- Born: November 18, 1827 New York City, US
- Died: July 24, 1892 (aged 64) New Hamburg, New York, US
- Education: University of the City of New York
- Occupation: President of S.S. Sands & Co.
- Spouses: ; Eliza Dickson Aymar ​ ​(m. 1849; died 1850)​ ; Mary Ellis Aymar ​ ​(m. 1852; died 1879)​
- Children: 11, including Charles and Benjamin
- Relatives: John Austin Stevens (uncle) Alexander Hodgdon Stevens (uncle)

= Samuel Stevens Sands =

American banker, head of S.S. Sands & Co. (1827–1892)

Samuel Stevens Sands (November 18, 1827 – July 24, 1892) was an American banker who served as the head of S.S. Sands & Co.

==Early life==
Sands was born at 112 Chambers Street in New York City on November 18, 1827. He was a son of Austin Ledyard Sands, a merchant in New York City, and Anne Maria (née Hodge) Sands. Among his siblings was brother Austin Ledyard Sands Jr.

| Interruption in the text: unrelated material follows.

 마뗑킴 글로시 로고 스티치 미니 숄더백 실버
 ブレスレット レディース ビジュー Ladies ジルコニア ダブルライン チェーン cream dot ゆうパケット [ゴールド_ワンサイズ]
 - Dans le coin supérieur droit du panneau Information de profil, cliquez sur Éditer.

His paternal grandparents were Richardson Sands and Lucretia (née Ledyard) Sands. After his grandfather's death, his grandmother married Ebenezer Stevens (1751–1823), a Lieutenant Colonel in the Continental Army during the American Revolution, a Major General in the New York State Militia, and a merchant. She then became the mother of banker John Austin Stevens and surgeon Alexander Hodgdon Stevens.

He was a graduate of the University of the City of New York with the Class of 1846.

==Career==
In 1854, he became a member of the New York Stock Exchange. Sands was a banker and broker in partnership with William Henry Reese. He acted as broker for a number of important financial interests, including the Astor family. For many years, Sands was the president of S.S. Sands & Co. He had several partners throughout his career, including his brother, William Richardson Sands, his brother-in-law, Edmund Brandt Aymar, William Henry Reese, and his sons Samuel Jr. and Charles.

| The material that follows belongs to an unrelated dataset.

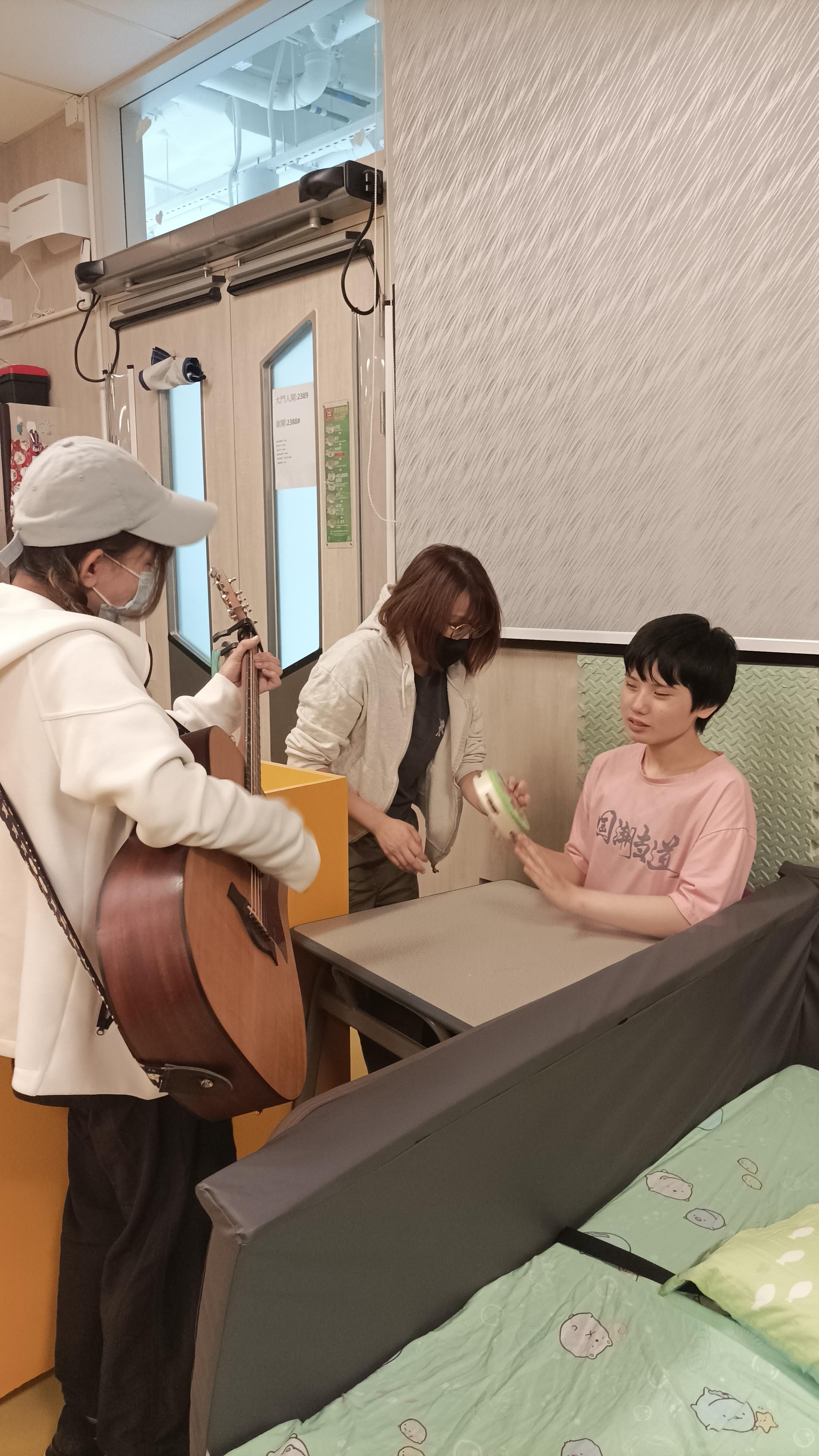 重陽節BUSKING 於29/10/2025假期,我們在家舍舉行音樂演奏活動。讓宿生嘗試使用搖鼓、沙槌等等不同的樂器,提升宿生的參與感以及成就感。宿生對於結他表現好奇,主動嘗試撥弄弦線,在音樂活動中與宿生一起載歌載舞,享受輕鬆的假日。
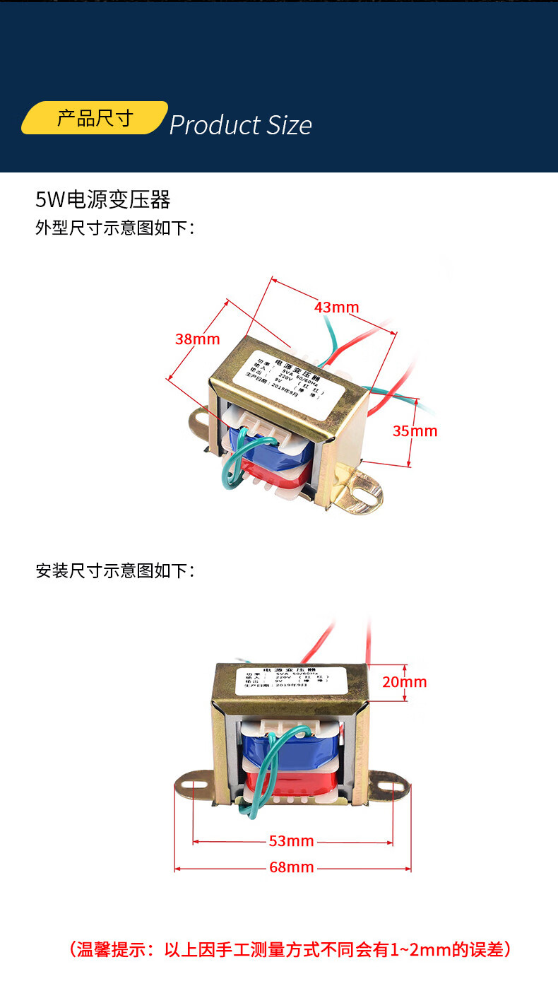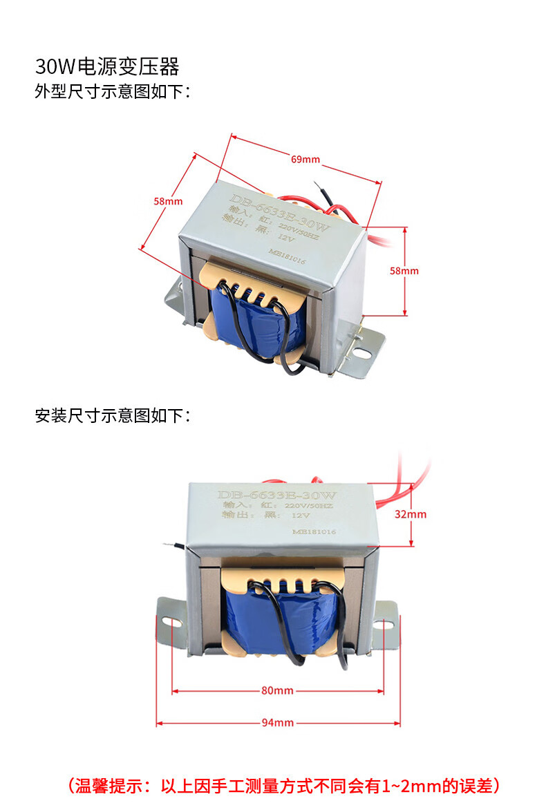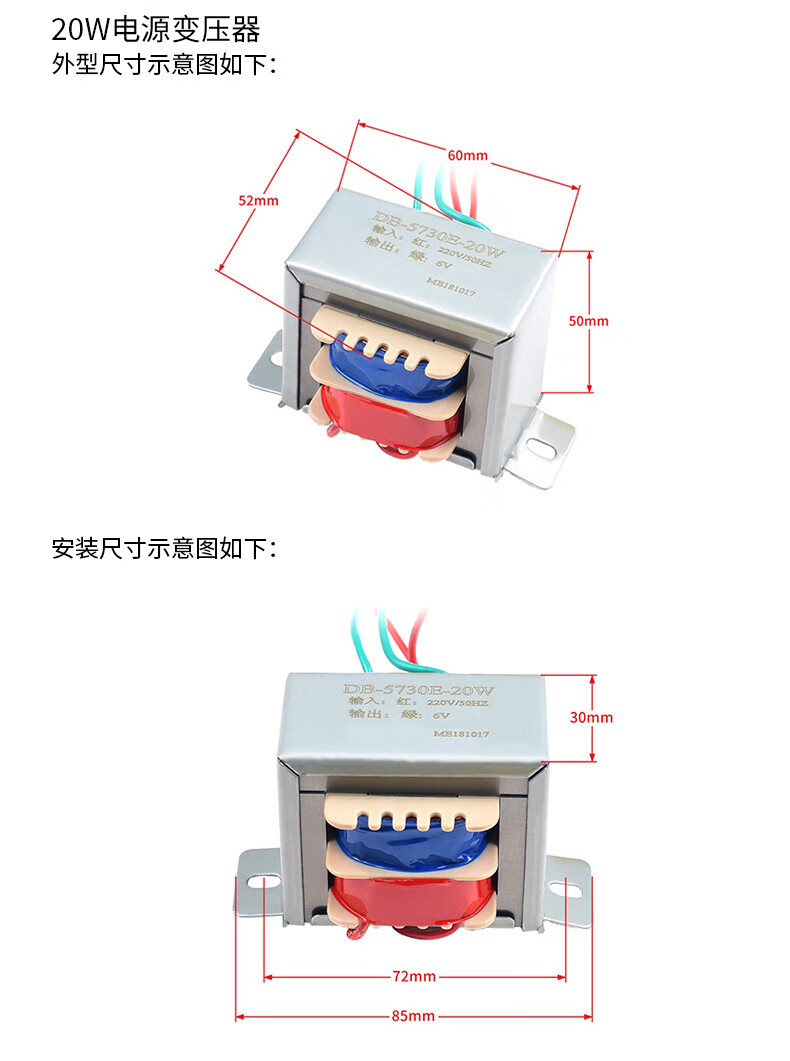 Power transformer 3W5W10W20W30W single-phase AC 220V to 9V6V12V15V18V24V single/double 5W single 15V

Towards the end of his career, he became involved in the railroad business, financing Boston and New York Air-Line Railroad, the Indianapolis, Decatur & Springfield Railway, the Milwaukee Railroad, the Lakeshore and Western Railway and the Colorado Midland Railway.

===Country home===
In 1865, Sands built "Elmhurst" at New Hamburg, New York, a small hamlet along the Hudson River in Dutchess County, New York.

==Personal life==
On June 14, 1849, Sands was married to Eliza Dickson Aymar, a daughter of Benjamin Aymar, also a merchant, and Elizabeth (née Van Buren) Aymar. After her death in 1850, he married her sister, Mary Ellis Aymar on April 15, 1852. Their elder sister was married to John D. Van Buren Jr., the New York State Engineer and Surveyor. After his marriage he lived at 80 Fifth Avenue in New York City and, later, at 385 Fifth Avenue. Together, they were the parents of:

- Benjamin Aymar Sands (1853–1917), who married Amy Kirby Akin, the daughter of William H. Akin.
- Ledyard Sands (1854–1897), who married Sarah F. Thornton and died in Sri Lanka.
- Samuel Stevens Sands Jr. (1856–1889), who married Anne Harriman (1861–1940), the daughter of banker Oliver Harriman and Laura (née Low) Harriman. He died from a fall during a hunt at Meadow Brook Golf Club in 1889. After his death, his widow remarried first to Lewis Morris Rutherfurd Jr., and after his death, William Kissam Vanderbilt in 1903.
- Eliza Louise Sands (1858–1934), who was involved in the Social Service Committee of the Volunteer Hospital and did not marry.
- Mary Emily Sands (1859–1863), who died young.
- William Henry Sands (1861–1920), who married Frances Augusta Lorillard (August 8, 1864 – January 30, 1931), daughter of Jacob Lorillard and granddaughter of Pierre Lorillard III.
- Anna Sands (1864–1932), a social leader in New York City and Newport, Rhode Island, who did not marry.
- Charles Edward Sands (1865–1945), an Olympic tennis player who married Sarah Wilson Simonton in 1920.
- Robert Cornell Sands (1867–1932), who did not marry.
- Harold Cater Sands (1869–1881), who also died young.
- Katharine Aymar Sands (1871–1951), who married Theodore Augustus Havemeyer Jr. (1868–1936), son of Theodore Havemeyer, in 1893.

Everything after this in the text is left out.